Justice Weeramantry's legal propositions condemn CJ Bandaranayake
H. L. D. Mahindapala
Judge C. G. Weeramantry, the senior most retired judge in the country
with 65 years of legal experience behind him, has come forward out of
the blue to address the current crisis facing the Sri Lankan judiciary
by issuing a general message on the subject. His message calling upon
"every citizen and institution in the country to be concerned" about the
legal propositions enunciated by him deserves serious consideration.
This, incidentally, is quite an unusual move for him because he has
studiously avoided getting involved in domestic politics. It is his
practice to keep a respectable distance from the maddening mob peddling
their political pork barrels. For him to come out in defence of the
Chief Justice, Dr. Shirani Bandaranayake, therefore, is somewhat unusual
and, I would venture to say, shocking.
Chief Justice, Dr. Shirani Bandaranayake |
Of course, he backs her in his quiet, inoffensive way by taking cover
under the legal principles which he has advocated systematically and
consistently in his voluminous writings and intermittent speeches.
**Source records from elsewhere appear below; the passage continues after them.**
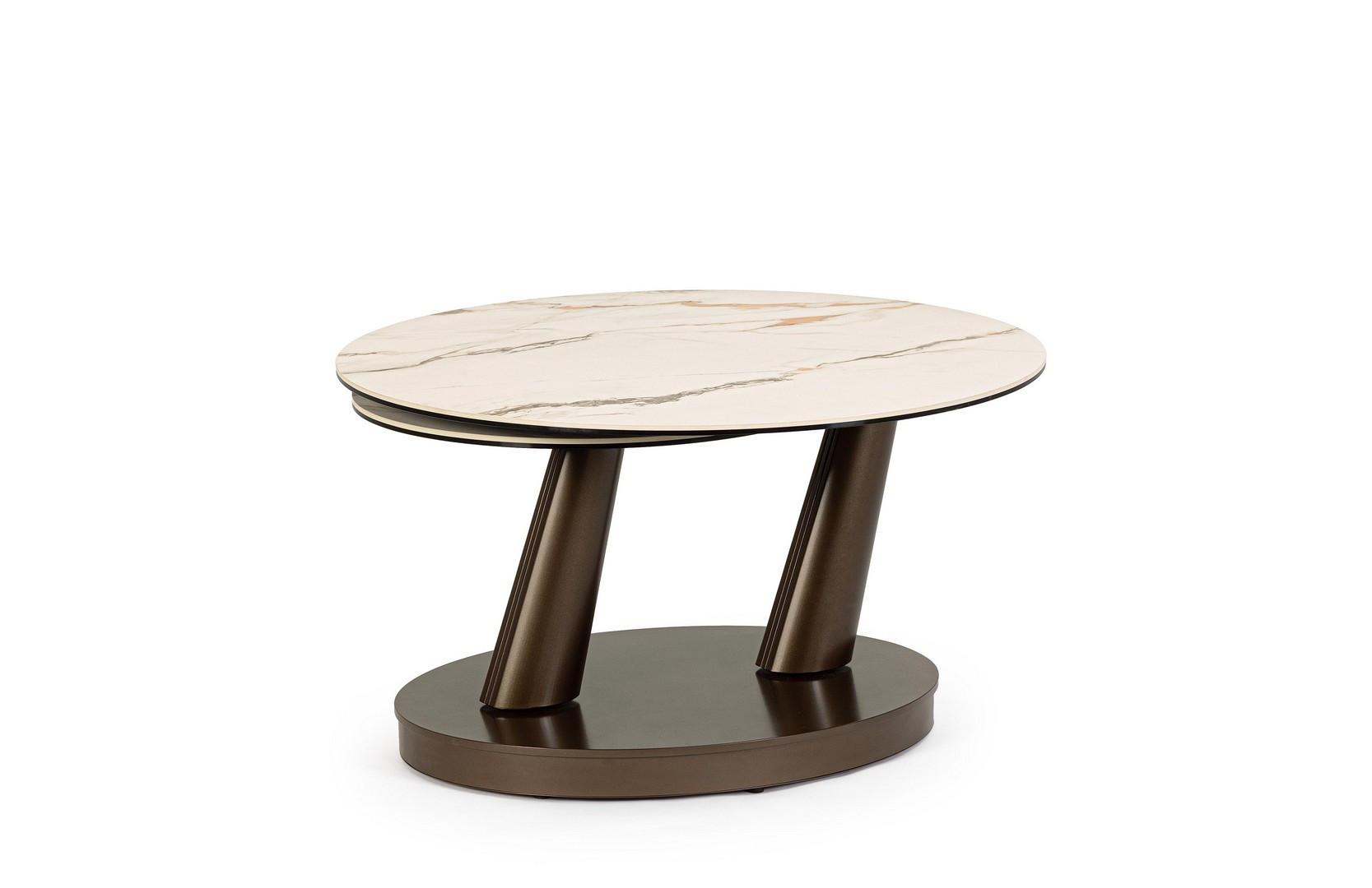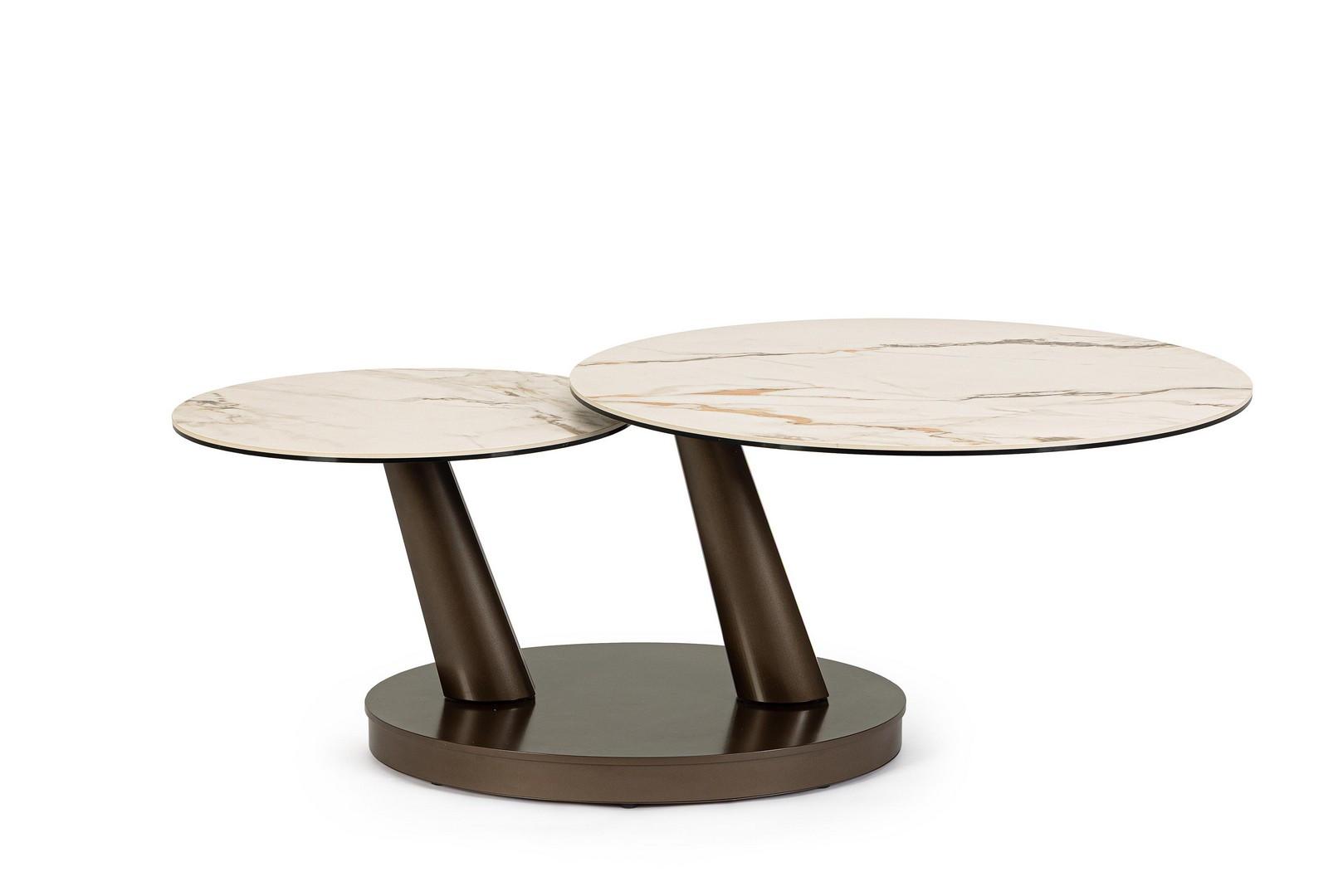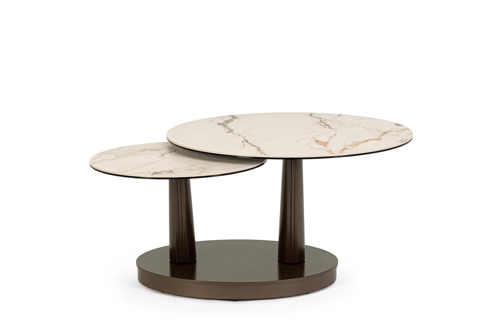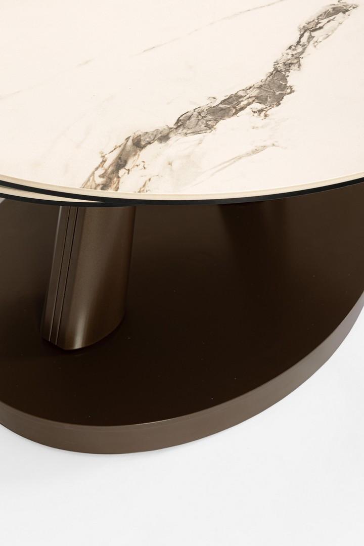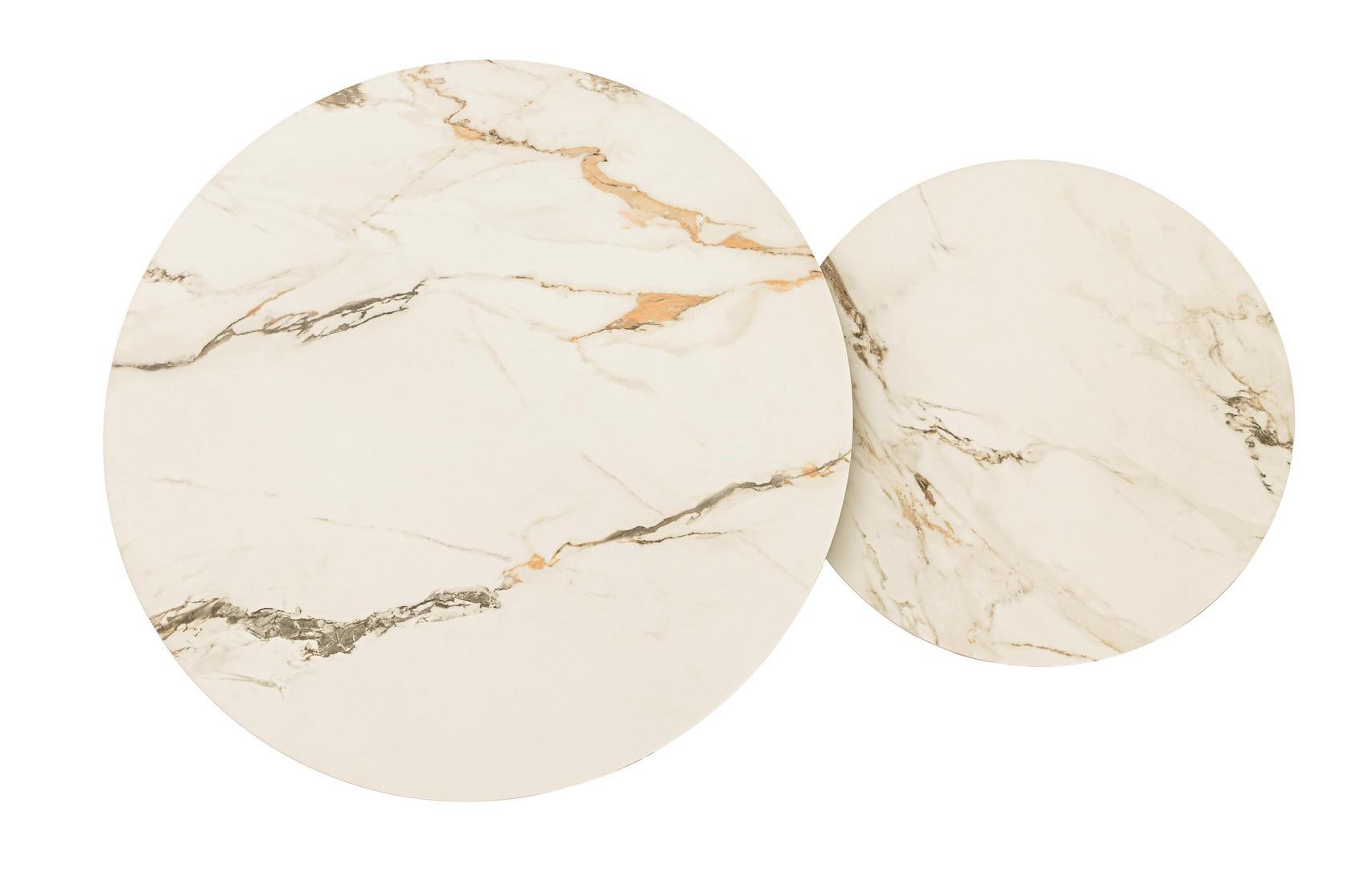 Base in acciaio verniciato a polvere epossidica. piano in gres porcellanato con effetto marmo e strato inferiore piano in vetro temperato. tavolino con piani sovrapponibili e apertura mediante rotazione. da assemblare.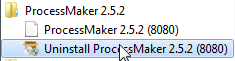 To uninstall ProcessMaker, in the Windows menu, go to Start > All Programs > ProcessMaker 2.X.X > Uninstall ProcessMaker 2.X.X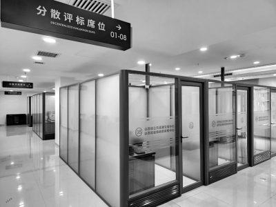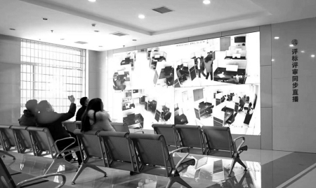 參觀完一層大廳后,工作人員將媒體觀摩團(tuán)帶到了四層一個(gè)全封閉的區(qū)域——評(píng)標(biāo)區(qū),隨機(jī)抽取的專家會(huì)在這里進(jìn)行評(píng)標(biāo)工作。代表們首先是被一系列的科技防范“硬措施”所震撼,人臉識(shí)別身份核驗(yàn)機(jī)、金屬探測門防范冒名頂替,通信設(shè)備存儲(chǔ)柜、文件傳送智能機(jī)器人阻斷不必要的溝通,軌跡定位卡、電子呼叫系統(tǒng)、電子門牌等技術(shù)的應(yīng)用實(shí)現(xiàn)了對交易人員身份類別權(quán)限的精準(zhǔn)管控……還有全方位、超高清、永久保存的監(jiān)控設(shè)備,實(shí)時(shí)對外直播的電子大屏,實(shí)現(xiàn)了嚴(yán)密管控、處處震懾。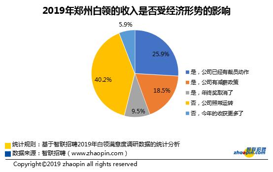 对于不断爆出的经济走低、裁员潮等信号,25.9%的郑州白领表示“公司已经有裁员动作”,18.5%的表示“公司有减薪政策”,还有9.5%的郑州白领表示“年终奖取消了”,选择“今年收获更多了”的郑州白领占比仅为5.9%。

Without mentioning her by name he invokes all the the hallowed legal
principles involved in her case, one of which is the security of tenure
of judges -- the critical issue faced by the CJ. Quite rightly, he has
also expressed the need to protect the independence of the judiciary for
the preservation of rule of law and democracy. No one can cavil with
that.
Political appointment
But the general thrust of his message is to join the rest of the
black-coated "coconut heads" -- thick skull on the outside and hollow
inside -- who are posing as latter day saints of the highest principles
of law enunciated ever since Moses came down from Mt. Sinai with his Ten
Commandments. With his inside knowledge of how the legal system
operates, both at home and abroad, it is somewhat disconcerting to find
him lending a hand to the "coconut heads" who have made a fool of
themselves with their coconut cracking antics at Hulftsdorp. Besides,
reiterating the known legal principles in his own phraseology does not
lift him above the fray. In fact, he parachutes right into their middle
with his unexpected foray into the current crisis.
Since his message is for "every citizen and institution:" it is open
for scrutiny, more so because the current crisis stands out partly as
the third known case of impeachment of a Chief Justice and partly
because of the political implications. There is an added significance in
that CJ Bandaranayake is the first woman Chief Justice and the gender
factor too has been dragged into politicize the case. The previous two
cases melted away without causing much political divisions. But the
current crisis has gathered some momentum with lawyers who first opposed
her appointment to the Supreme Court doing a somersault to back her. In
1996, when she was appointed they said that her political appointment
was a threat to the independence of the judiciary. Now when there is a
possibility of her being removed, after found guilty of some charges,
they say that it is a threat to the independence of the judiciary. This
is typical of the lawyers to have it both ways. They are like the
two-headed donkeys described by Dr. Colvin R. de Silva in a political
context where they could say "yes" and "no" at the same time.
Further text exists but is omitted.